Réponse de Karen : "Ah, ça oui ! Là, c'est chaud : il y a 40-45 nœuds de vent. J'en bave, mais ici, tout le monde en bave. Alors, je ne vais pas passer mon temps à me plaindre : ce n'est pas dans mon tempérament".

 

Pour info Karen a été victime en août dernier d'un accident de voiture, occasionnant une fracture d'une vertèbre et du sternum. Après être passée sur la table d'opération, elle a pris le départ du Vendée Globe avec deux plaques de ferraille et huit boulons à l'intérieur dans le dos. Les mouvements du bateau sollicitent en permanence son dos, sans parler des douleurs que cela provoque (elle porte une ceinture dorsale et avale moult calmants), elle estime ses capacités physiques diminuées de plus de 40 % !

 

 

 

Voici en comparaison quelques courts extrait d'un e-mail d'Ellen ...

 

"Me voilà assise à la table à cartes, absolument trempée, une fois de plus. Ces 10 dernières heures, j'ai déjà changé de vêtements deux fois …"

"J'ai du effectuer de nombreux changements de voiles. C'est assez stressant d'aller renvoyer un ris en pensant que vous allez sans doute devoir le reprendre à peine une heure plus tard."
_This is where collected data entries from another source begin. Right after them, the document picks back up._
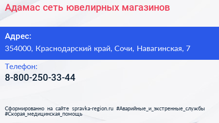 Адамас, сеть ювелирных магазинов по адресу 354000, Краснодарский край, Сочи, Навагинская, 7 в дальнейшем Организация, размещена в следующих категориях: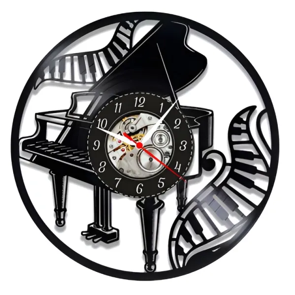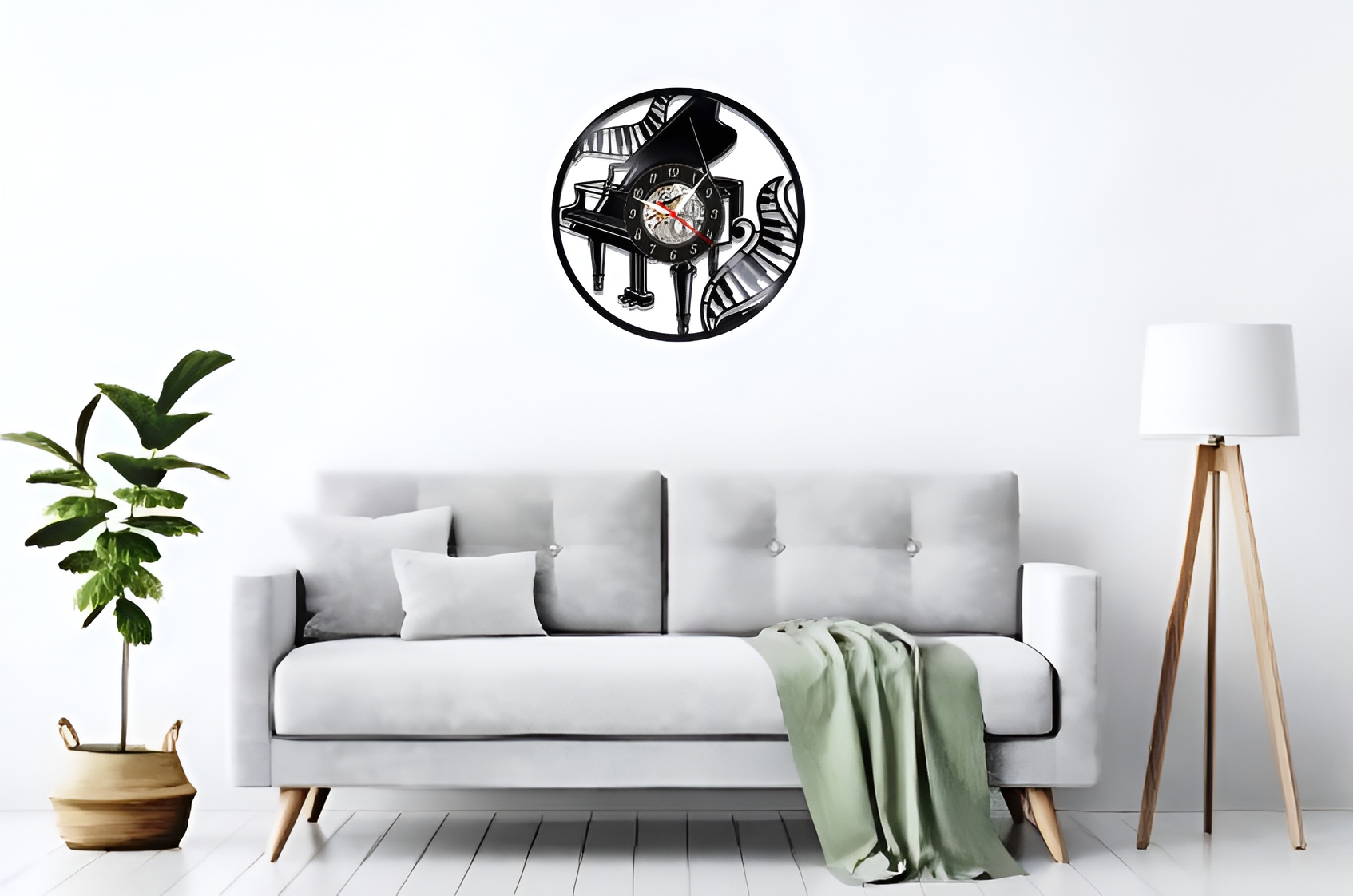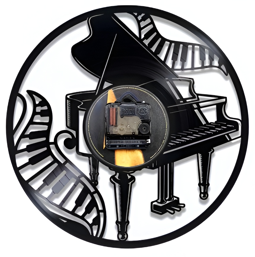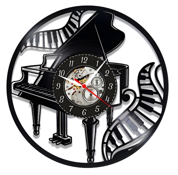 Fundalul circular al discului permite explorarea întregii compoziții artistice, în timp ce păstrează nostalgia intrinsecă a vinilului, amintind de discurile clasice ale marilor pianiști. Acest ceas este o celebrare a muzicii ca artă, ca disciplină, ca sursă de emoție și, implicit, ca o formă de exprimare atemporală. Contrastul dintre negrul lucios al materialului și umbrele proiectate pe perete adaugă o notă dramatică.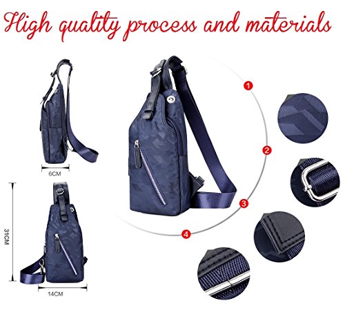 -. Feature : Material:We chose the waterproof,light,non-toxic and wearable oxford cloth.You can choose between blue and black bags. / Select texture hardware accessories and strong tenacity car suture.Adjustable shoulder strap.Multiple use of a single farewell. / Dimensions:12.20"L x 5.51"W x 2.36"H(31* 14 * 6cm).Computer books,business documents,small items,not crowded. / Hidden headphone:The headphone cord is pulled from the headphone hole to protect the phone from being affected. / 45¡ãfront zipper bag:It's easy to pick up things.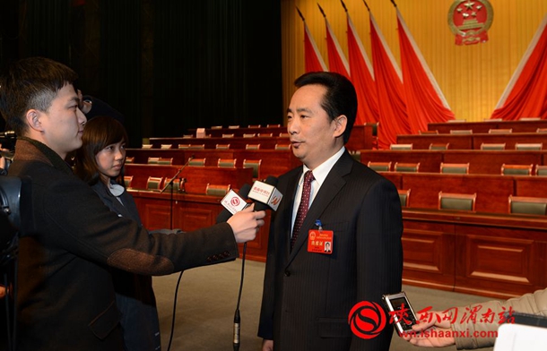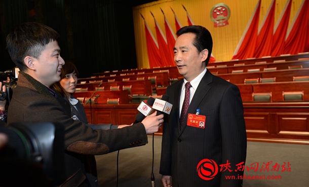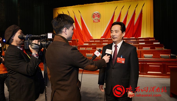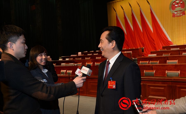 陕西网渭南站视频记者王丽华和渭南电视台记者在大会结束后采访新任市长李明远。记者杨青山 张亨特摄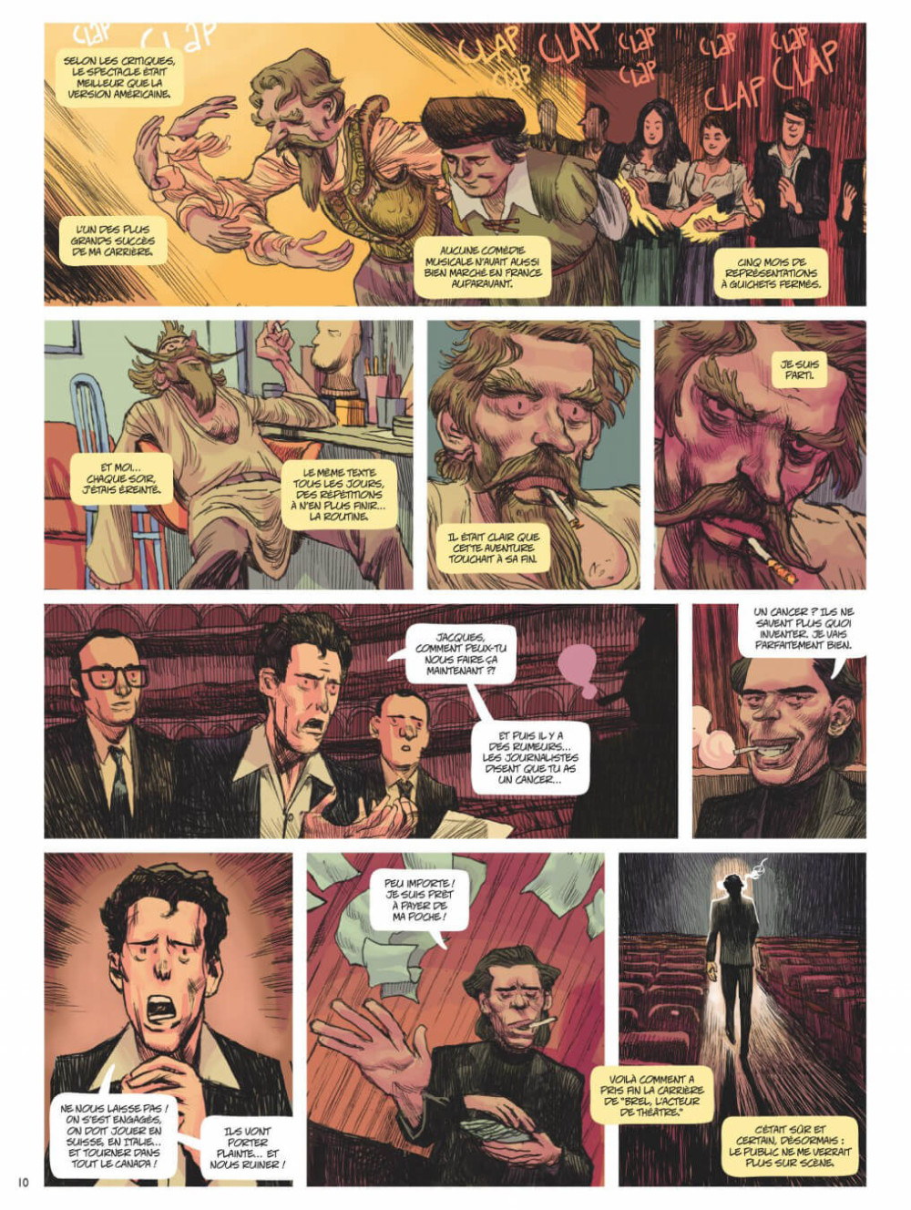 Salva Rubio, toujours avec la même délicatesse et intelligence que dans les tomes précédents, nous emporte dans les dernières années de ce chanteur incroyable aux multiples facettes et au génie terrassant. Il montre avec une belle sensibilité ce que fut cet être au caractère flamboyant marqué par son enfance, par ses rencontres amicales et professionnelles, par ses amours. L’épilogue est émouvant, lumineux. Ce troisième tome se dévore littéralement, que l’on soit fan ou pas de l’artiste. La vie de Jacques Brel est une aventure palpitante et ses qualités (et défauts) en font un héros passionnant à suivre.

" Les heures passant, cette tempête s'est avérée pire que celle de Noël. Des rafales à plus de 45 nœuds, une mer déchaînée, des vagues qui déferlaient de partout, et un tourmentin de 15m2 qui nous semblait gigantesque. On n'a pas arrêté une minute."

 

Coupons court aux complaintes de Miss Ellen .... si vous voulez vraiment jugez par vous même de la dure vie qu'elle mène prenez le temps de lire un message au hasard de son site http://www.teamellen.com/ .

 

 

Mon propos n'est pas dénigrer la belle Ellen, ni de minimiser ses efforts et sa peine, tout ce qu'elle raconte est certainement exact et, je n'en doute pas un instant, pénible même à vivre. Sa performance est d'ailleurs remarquable plus de 3 jours d'avance sur Francis Joyon sur IDEC à la date de rédaction de ces lignes ! Mais je souhaite juste mettre en avant le fait suivant : au lieu de sombrer dans une litanie sans fin de petits malheurs, certains navigateurs (dans l'exemple pris ici : une autre navigatrice) moins bien lotis savent à travers leur tout du monde nous faire partager d'autres émotions ... faire vivre d'autres valeurs ... Personnellement sur moi ça ne produit pas le même effet, et sur vous ?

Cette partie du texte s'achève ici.